JAKARTA | Warta Rakyat – Mantan Ketua KPK Busyro Muqoddas dengan tegas menolak revisi UU KPK. Busyro pun menyebut Jokowi membodohi publik dengan revisi UU KPK ini.
“Ada kontinuitas. Revisi UU itu sejak zaman SBY, lalu Jokowi, ditunda. Kalau SBY disetop. Jokowi ditunda. Ditambah lagi revisi UU yang ekstrakilat. Presiden ini masih tega-teganya main-main seakan-akan membodohi publik. Seakan-akan publik itu bodoh. Ini cacat melekat pada seorang pemimpin,” kata Busyro kepada wartawan seperti dilansir detikcom, Minggu (15/9/2019).
Baca juga: Save KPK Adalah Save Indonesia, Selamatkan KPK Sekarang!
Busyro menilai revisi UU KPK ini merupakan upaya pembunuhan lembaga antirasuah itu. Dia pun khawatir revisi UU KPK ini sebagai bayaran Jokowi kepada pihak-pihak yang berjasa menghantarkannya ke kursi Presiden RI.
“Dia lebih mencerminkan suara di sekitarnya. Yang mengkhawatirkan kalau suara itu ditentukan oleh kelompok yang berjasa besar di karirnya di periode pertama dan kedua.
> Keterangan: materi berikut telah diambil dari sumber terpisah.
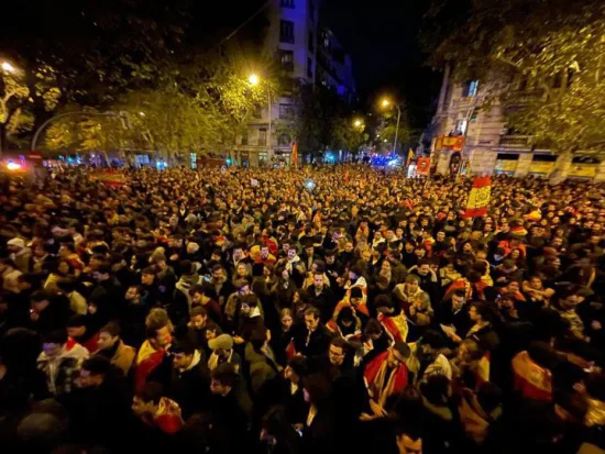 Unas 8.000 personas se concentraron el jueves en las inmediaciones de la sede socialista en el marco de unas protestas contra la amnistía que han alcanzado su jornada de mayor afluencia coincidiendo con el acuerdo alcanzado por el PSOE y Junts.

Nah, sekarang nagih bayaran. Bayarannya KPK ini,” ujarnya.
Menurut Busyro, poin-poin yang diajukan Jokowi dalam revisi UU KPK, seperti dewan pengawas, ditunjuk presiden hingga pegawai KPK menjadi aparatur sipil negara (ASN) justru berakibat kematian KPK. Sebab, poin-poin itu berisiko menghilangkan independensi KPK sebagai lembaga antirasuah.
“Lebih dari pada pelemahan. Supaya bangsa Indonesia itu akrab dengan yang lugas-lugas tidak samar-samar seakan-akan santun. Saya mengatakan pembunuhan. Pembunuhan. Lugas kan. Situasinya cocok saya untuk menggunakan kata itu daripada pelemahan. Sebab, kalau isinya pelemahan presiden itu menolak pelemahan dengan menolak pasal-pasal yang diajukan oleh DPR itu tapi tiga poin itu setelah kita baca, diteliti KPK sendiri, diteliti teman-teman itu sama saja masih mengandung unsur yang akibatnya pembunuhan KPK,” papar Busyro.
Baca juga: KPK Menderita! Pak Jokowi, Belum Terlambat Tarik Surpres Revisi UU KPK
Lebih lanjut, Busyro mengatakan revisi UU KPK simultan dengan pembentukan Pansel Capim KPK yang menurutnya hasilnya amburadul. Dia menyayangkan terpilihnya Irjen Firli yang merupakan polisi aktif sebagai Ketua KPK.
“Yang hasil dari pansel KPK itu amburadulitasnya kelewat batas. Tapi itu tanggung jawab presiden selaku pembentuk dan penanggung jawab.
Nah, karena ini bersamaan, simultan, maka baru kali ini KPK itu dipimpin oleh polisi aktif. Dulu Pak Bibit itu sudah pensiun dan bukan Ketua KPK. Baru kali ini. Pak Ruki, Plt. Nah, pertamanya itu Pak Ruki memang, tapi sudah pensiun lho. Yang periode pertama. Dan polisi ketika itu kan konteksnya beda dengan sekarang ini. Sekarang polisi sama-sama kita ketahui lah,” katanya.
Saat ini, revisi UU KPK sedang dibahas oleh pemerintah dan DPR. Poin-poin dalam revisi UU itu dikhawatirkan melumpuhkan KPK, dari penyadapan harus seizin dewan pengawas hingga kewenangan penghentian kasus.